This study examined the co-evolution of socio-environmental conflict and territorial transformation in Las Bambas by combining annually reconstructed conflict influence zones with land-cover data. The results show that conflict and land-system change were closely intertwined over time rather than unfolding as separate processes.
As the conflict influence area expanded from a localized setting near the mine to a corridor-based and later broader territorial configuration, the affected land system became progressively more modified by human activity. The most intense conflict phases were accompanied by visible and measurable territorial changes, including the expansion of mining-related surfaces, the growth of agricultural mosaics and urban infrastructure, and hydrological alterations in wetlands and headwater zones. These transformations did not mechanically produce conflict on their own, but they appear to have acquired greater conflictive significance when interpreted through a context of procedural exclusion, weak participation, transport-related impacts, and unfulfilled commitments.
The clustering and association-rule analyses reinforce this interpretation. Rather than reflecting a single recurring grievance, the Las Bambas trajectory was characterized by multiple conflict types that emerged, expanded, overlapped, and reappeared across successive territorial phases. At the same time, the recurrent co-occurrence of environmental complaints with governance failures and logistical grievances suggests that conflict escalation was shaped by interacting rather than isolated causes. Across these configurations, unfulfilled commitments emerged as the most persistent structural driver.
Methodologically, the dynamic polygon approach offers a replicable framework for linking conflict records with measurable land-system change. By moving beyond static administrative units or concession boundaries, the approach captures the shifting geography of dispute and connects it directly to environmental indicators. In doing so, it helps bridge qualitative conflict analysis and quantitative spatial evidence in extractive regions.
The implications extend beyond the Las Bambas case. Integrating social conflict monitoring with systematic land-cover observation could strengthen early-warning systems, improve environmental oversight, and support more adaptive and territorially informed governance strategies. Future research could refine and extend this framework by improving the spatial precision of conflict delineation, incorporating additional biophysical indicators such as water quality or vegetation productivity, and testing its applicability in other mining regions.

Author Contributions

Conceptualization, S.E. and Á.T.; methodology, S.E., R.C. and Á.T.; software, R.C. and L.S.; validation, S.E., Á.T. and L.S.; formal analysis, R.C. and L.S.; investigation, S.E. and R.C.; resources, S.E.; data curation, R.C. and L.S.; writing—original draft preparation, S.E.; writing—review and editing, S.E., R.C., Á.T. and L.S.; visualization, R.C., S.E. and L.S.; supervision, S.E. and Á.T.; project administration, S.E.; funding acquisition, S.E. All authors have read and agreed to the published version of the manuscript.

Funding

This research was supported by an internal research grant from the Vice Rectorate for Research (VRI) of Universidad del Pacífico, Lima, Peru (Project No. 3010108224).

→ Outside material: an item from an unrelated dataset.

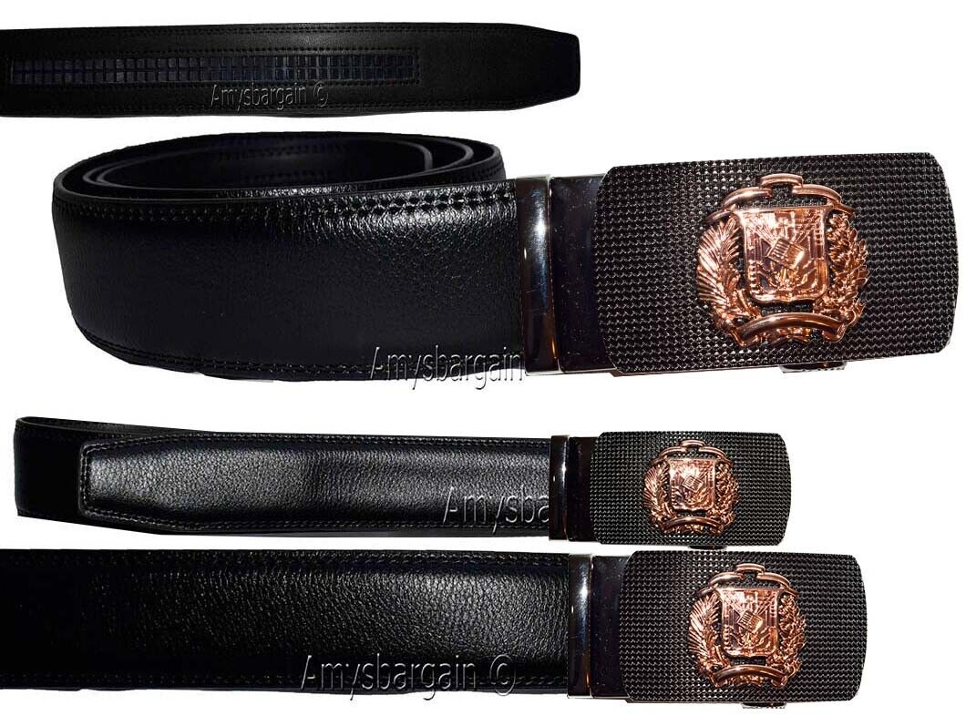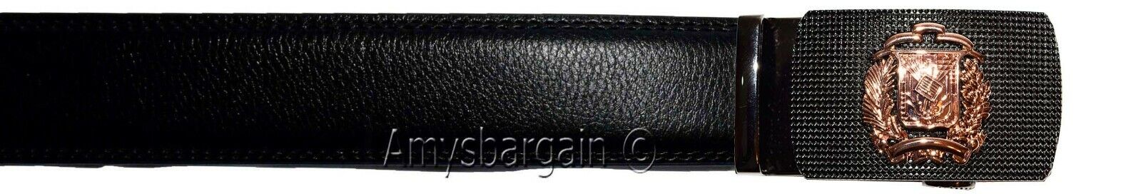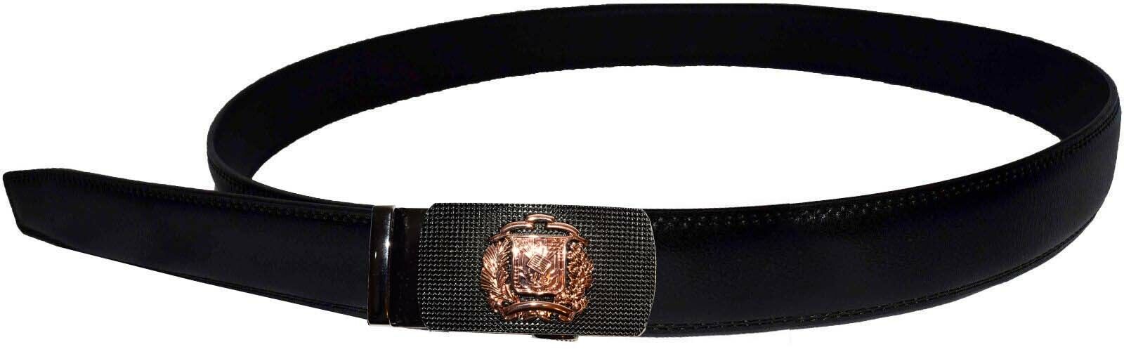leather belt automatic lock click comfort badge shield buckle up- 50".Description:

Data Availability Statement

Conflict records used in this study were derived from the publicly available monthly reports of the Peruvian Ombudsman’s Office, accessible at https://www.defensoria.gob.pe, accessed on 19 April 2026. Land cover data are available from MapBiomas Perú at https://peru.mapbiomas.org/, accessed on 19 April 2026, under a Creative Commons CC-BY-SA license. The processed dataset and analysis scripts are available at https://github.com/Fergos14/las-bambas-conflict-analysis, accessed on 19 April 2026. The GitHub repository includes the processed binary conflict-level matrix used for clustering and association rule mining, together with a codebook describing the 10 root-cause categories and their coding rules, as well as an example script that reproduces the exploratory analyses.

Conflicts of Interest

The authors declare no conflicts of interest. The funders had no role in the design of the study; in the collection, analyses, or interpretation of data; in the writing of the manuscript; or in the decision to publish the results.

Appendix A. Supplementary Methodological Details

This appendix provides additional methodological detail to improve transparency and replicability. It includes (i) the concave hull ratio values used for each conflict phase together with an illustrative sensitivity comparison under alternative parameter settings, and (ii) the correspondence between the original MapBiomas Collection 3.0 classes and the seven analytical categories used in this study.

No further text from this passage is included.